Том и Джим осматривали фургоны, привезенные Томом из Кейпа. Это были большие мощные экипажи, построенные в колонии по особому проекту, который непрерывно совершенствовали, приноравливая к суровой африканской природе. Они ездили на четырех колесах, причем два первых были ведущими. Передняя вращающаяся ось соединялась с диссельбумом – прочным центральным шестом, на котором держался весь фургон. Простая система дышл, хомутов и шкворней позволяла впрячь в фургон шесть пар быков. Главный элемент упряжи – тректоу, буксирный канат для фургона, крепился к переднему концу диссельбума. Задние колеса были гораздо больше передних.

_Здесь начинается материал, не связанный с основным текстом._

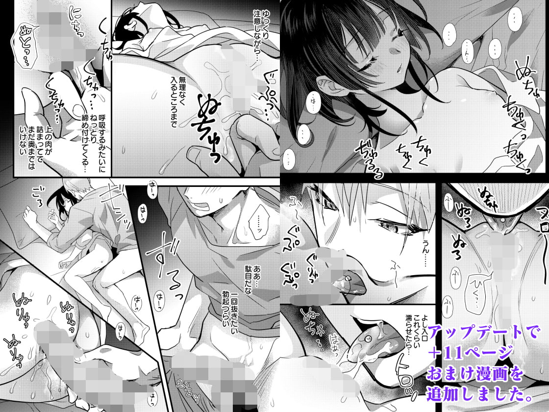 女性視点/男性視点、体格差、微乳、前戯、淫語、騎乗位素股、睡眠○(未遂)、

Вместительный кузов фургона достигал восемнадцати футов в длину при ширине четыре фута. Деревянные борта на носу – два фута высотой, на корме – три фута. С обеих сторон к ним приклепывались железные изогнутые стойки, к которым был приделан навес. Внутри получалось помещение в пять футов высотой, так что высокому мужчине приходилось наклоняться. Фургон крыли прочной двухслойной парусиной, которая была водонепроницаема – по крайней мере в сильный дождь почти не пропускала воду. Сплетенная из волокон кокосового ореха циновка изолировала внутреннее помещение от жаркого солнца. Занавеси из парусины впереди и сзади выполняли роль переднего и заднего клапанов. Сиденьем кучеру служил большой ящик, проходящий по всей ширине фургона, и такой же ящик располагался в конце фургона – передний сундук и задний сундук. Снаружи вдоль всего фургона и под досками пола на многочисленных железных крюках висели кастрюли, сковороды, инструменты, парусиновые сумки и мешки, бочонки с порохом и другое тяжелое снаряжение.
Внутри фургона вдоль бортов на другом ряде крюков размещались парусиновые карманы, а в них запасная одежда, гребни, щетки, мыло и полотенца, табак и трубки, пистолеты, ножи и все, что может потребоваться. На особых крючках подвешивалась удобная кровать, на которой могли спать путешественники. Ее можно поднимать и опускать, и под ней также располагаются мешки, ящики и бочонки. Как и лагерные стулья, постель укреплена ремнями из сыромятной кожи, переплетенными, словно в ракетке, которая используется в игре королей – теннисе.